## Assignment
The needed output is the run of lines below from the one containing "香川県高松市にある洋菓子専門" through the one containing "Avec au moins", copied exactly and free of pictures.

## Information provided
········

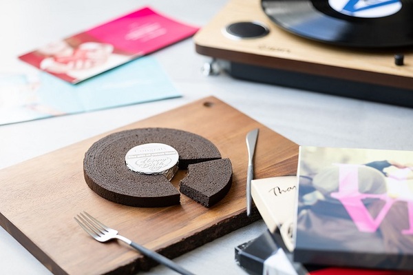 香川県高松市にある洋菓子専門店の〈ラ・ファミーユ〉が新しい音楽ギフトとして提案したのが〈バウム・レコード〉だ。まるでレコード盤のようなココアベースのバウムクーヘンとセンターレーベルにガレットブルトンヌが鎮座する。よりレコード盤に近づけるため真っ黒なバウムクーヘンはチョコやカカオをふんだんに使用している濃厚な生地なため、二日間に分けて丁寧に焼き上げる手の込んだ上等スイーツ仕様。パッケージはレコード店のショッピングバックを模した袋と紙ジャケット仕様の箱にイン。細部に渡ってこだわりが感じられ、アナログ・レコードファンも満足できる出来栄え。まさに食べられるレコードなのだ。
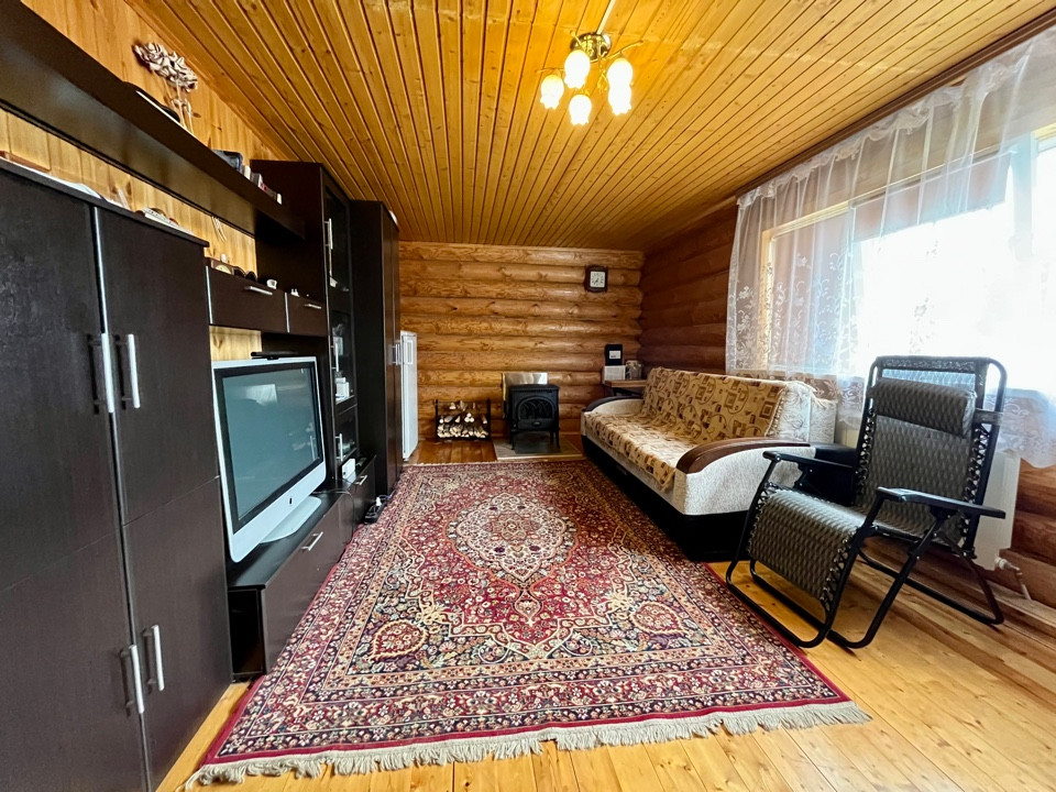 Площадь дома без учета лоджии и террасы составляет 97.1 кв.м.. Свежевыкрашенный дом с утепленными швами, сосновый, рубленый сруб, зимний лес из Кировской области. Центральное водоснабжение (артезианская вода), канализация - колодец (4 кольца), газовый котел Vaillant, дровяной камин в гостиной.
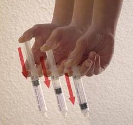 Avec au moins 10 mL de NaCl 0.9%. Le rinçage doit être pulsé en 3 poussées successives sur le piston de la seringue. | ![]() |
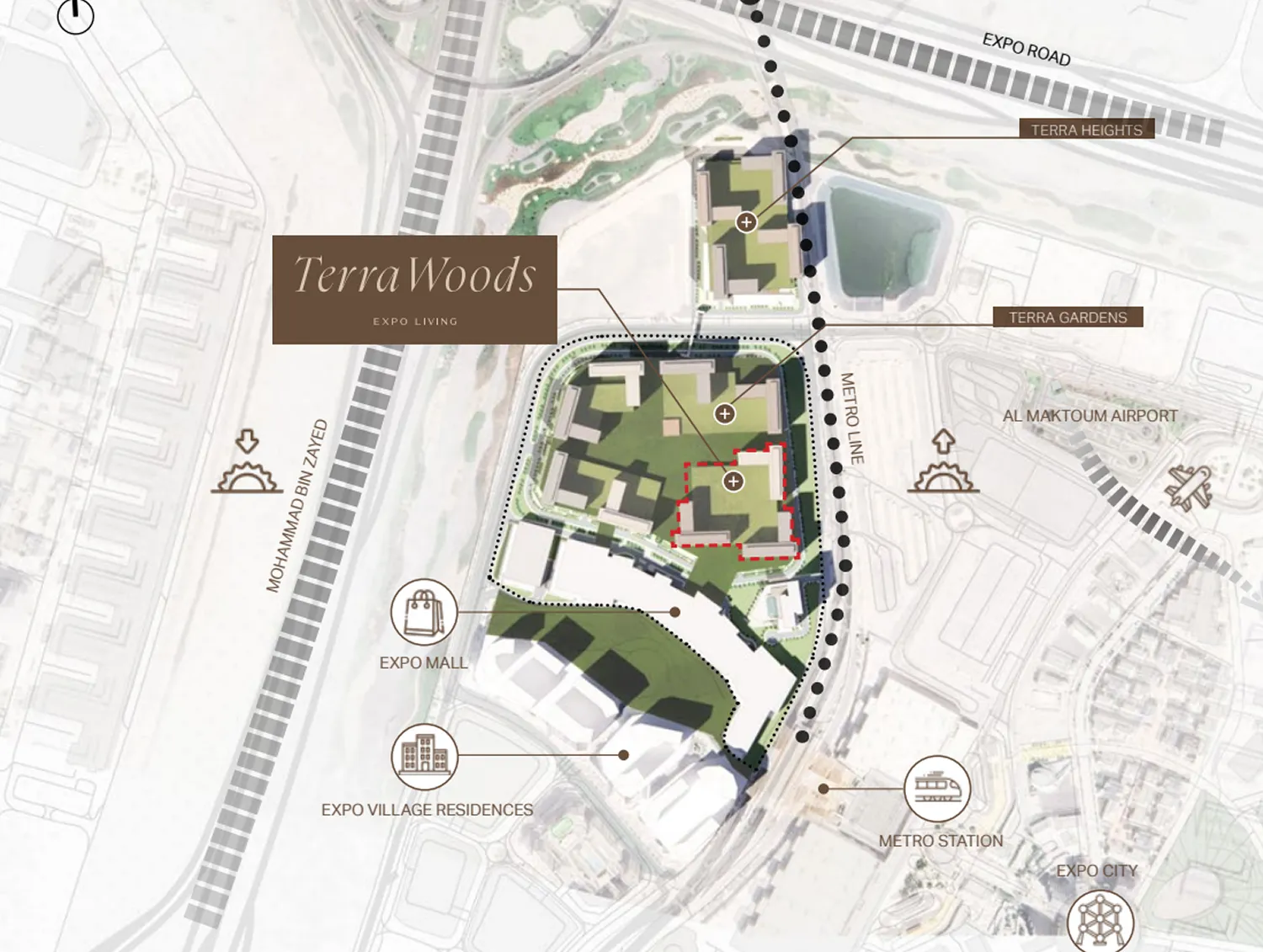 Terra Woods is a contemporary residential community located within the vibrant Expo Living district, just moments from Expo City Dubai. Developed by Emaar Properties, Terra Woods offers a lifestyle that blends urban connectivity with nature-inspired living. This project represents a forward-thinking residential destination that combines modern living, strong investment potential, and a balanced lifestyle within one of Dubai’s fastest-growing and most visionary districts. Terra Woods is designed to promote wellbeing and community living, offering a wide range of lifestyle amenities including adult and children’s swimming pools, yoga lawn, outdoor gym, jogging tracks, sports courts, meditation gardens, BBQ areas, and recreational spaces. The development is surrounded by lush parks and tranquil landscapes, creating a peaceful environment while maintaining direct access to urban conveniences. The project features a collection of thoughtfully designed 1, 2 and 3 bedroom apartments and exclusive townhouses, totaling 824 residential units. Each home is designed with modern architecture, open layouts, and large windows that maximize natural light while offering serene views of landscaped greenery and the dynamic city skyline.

········

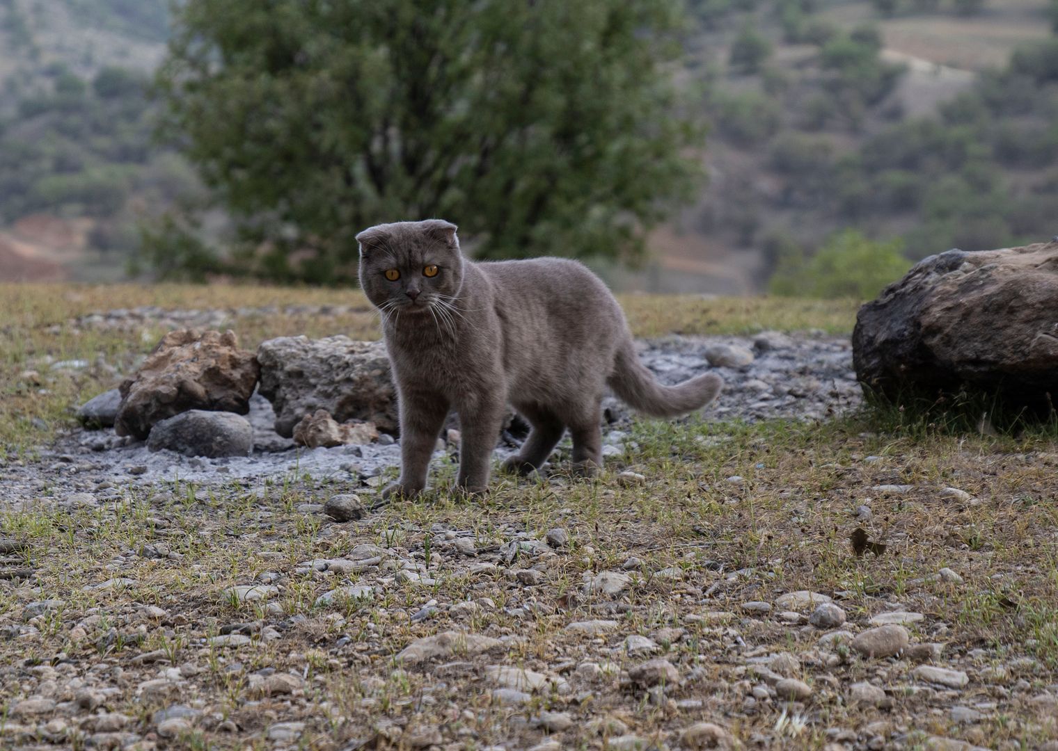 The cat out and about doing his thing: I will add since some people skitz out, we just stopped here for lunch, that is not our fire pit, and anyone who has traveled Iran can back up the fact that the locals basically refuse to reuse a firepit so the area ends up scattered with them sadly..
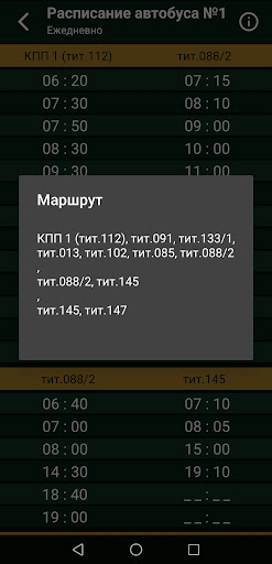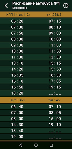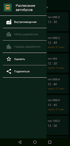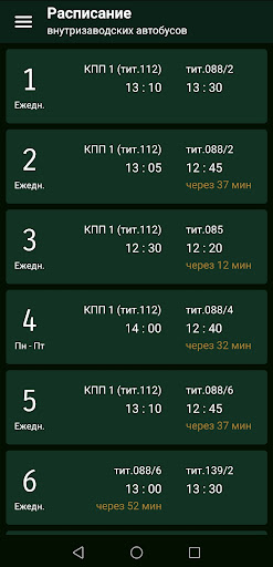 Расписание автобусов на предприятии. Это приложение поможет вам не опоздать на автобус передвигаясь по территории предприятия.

········

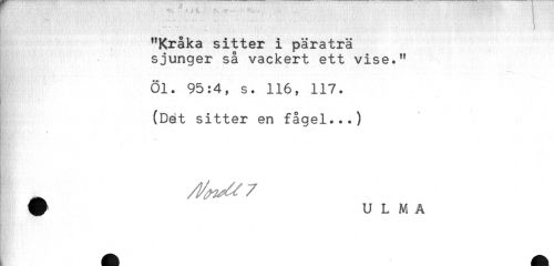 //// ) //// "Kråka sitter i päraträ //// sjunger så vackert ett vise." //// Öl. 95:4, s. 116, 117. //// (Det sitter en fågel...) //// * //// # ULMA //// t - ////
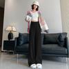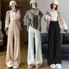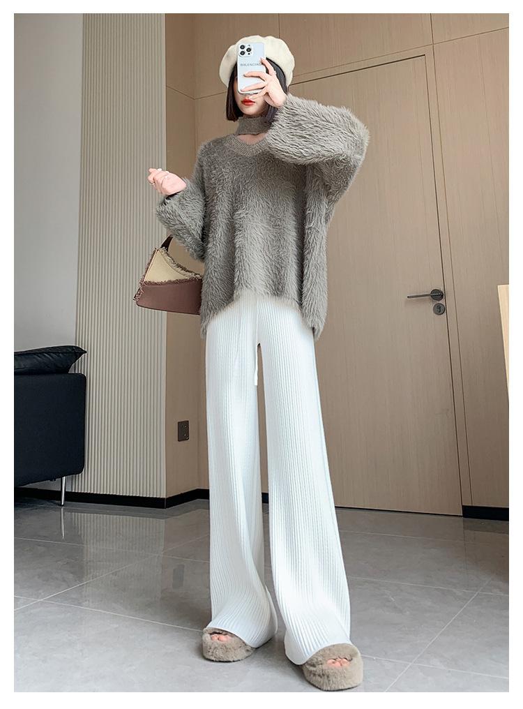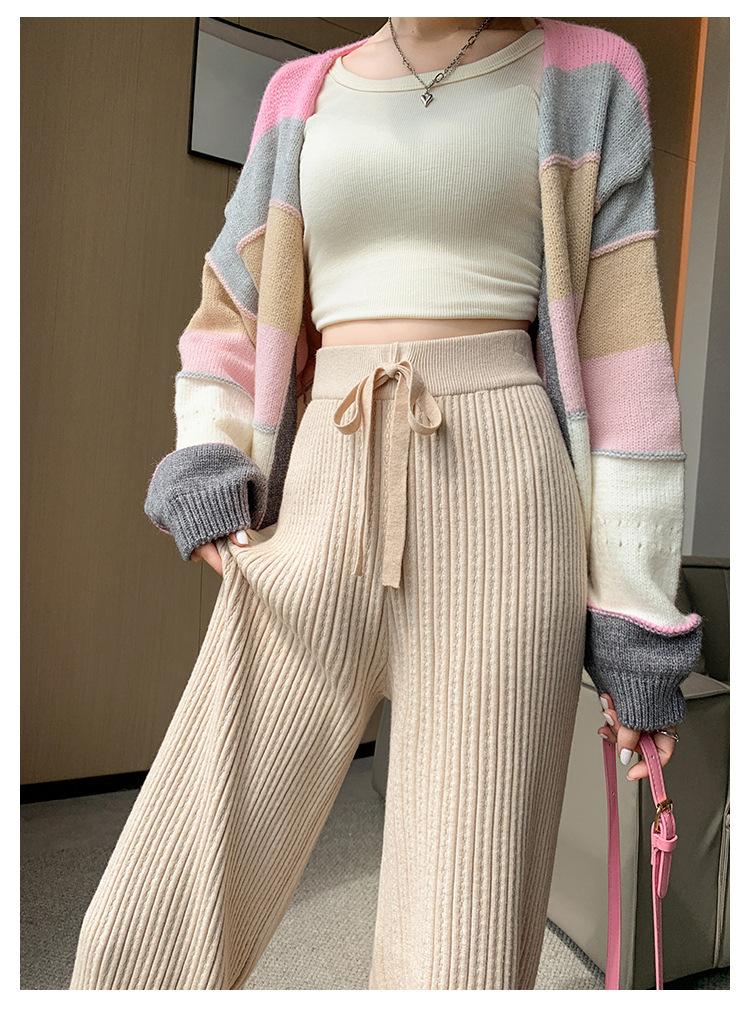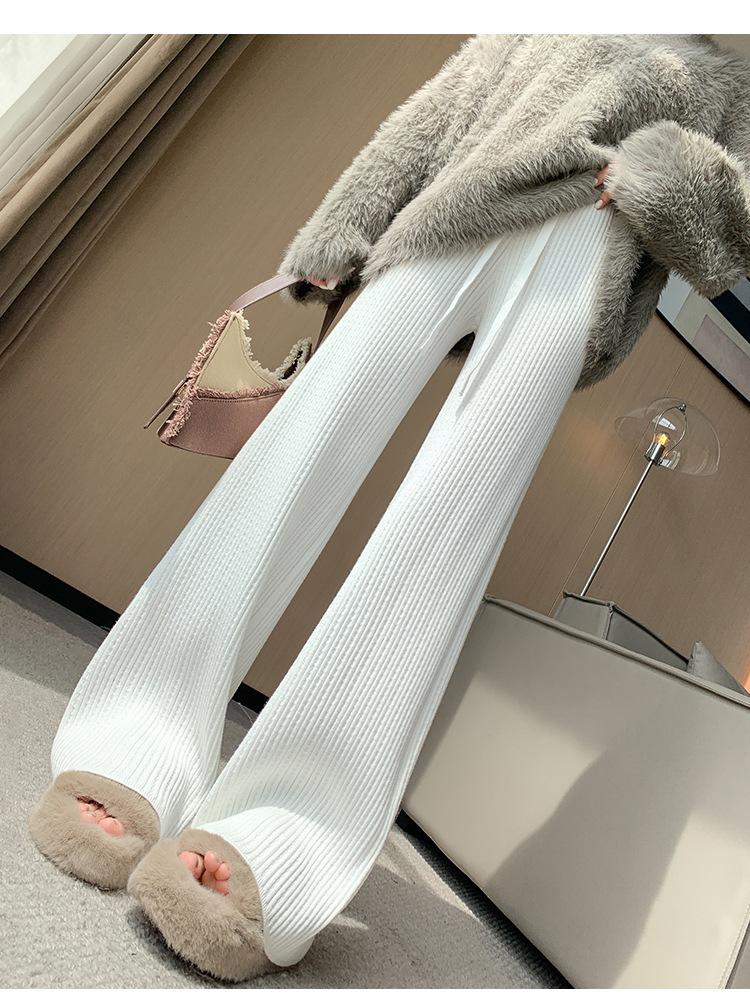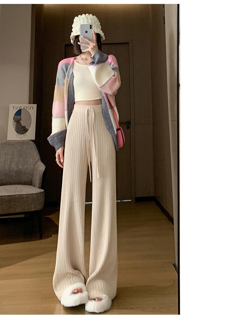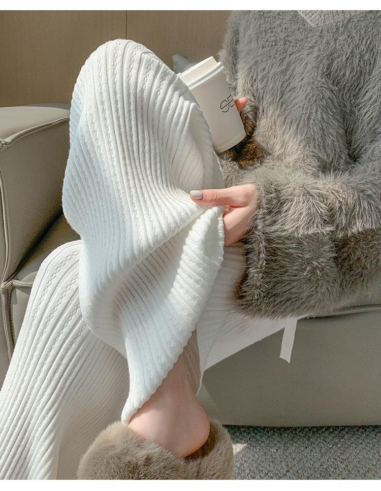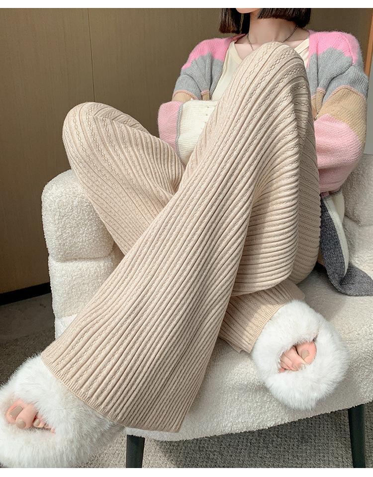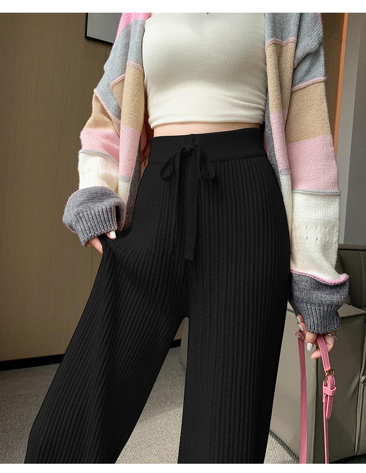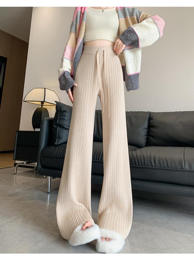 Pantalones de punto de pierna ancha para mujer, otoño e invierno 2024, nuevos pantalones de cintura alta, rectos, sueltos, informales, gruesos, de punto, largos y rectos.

········

## Completed task
 香川県高松市にある洋菓子専門店の〈ラ・ファミーユ〉が新しい音楽ギフトとして提案したのが〈バウム・レコード〉だ。まるでレコード盤のようなココアベースのバウムクーヘンとセンターレーベルにガレットブルトンヌが鎮座する。よりレコード盤に近づけるため真っ黒なバウムクーヘンはチョコやカカオをふんだんに使用している濃厚な生地なため、二日間に分けて丁寧に焼き上げる手の込んだ上等スイーツ仕様。パッケージはレコード店のショッピングバックを模した袋と紙ジャケット仕様の箱にイン。細部に渡ってこだわりが感じられ、アナログ・レコードファンも満足できる出来栄え。まさに食べられるレコードなのだ。
 Площадь дома без учета лоджии и террасы составляет 97.1 кв.м.. Свежевыкрашенный дом с утепленными швами, сосновый, рубленый сруб, зимний лес из Кировской области. Центральное водоснабжение (артезианская вода), канализация - колодец (4 кольца), газовый котел Vaillant, дровяной камин в гостиной.
 Avec au moins 10 mL de NaCl 0.9%. Le rinçage doit être pulsé en 3 poussées successives sur le piston de la seringue. | ![]() |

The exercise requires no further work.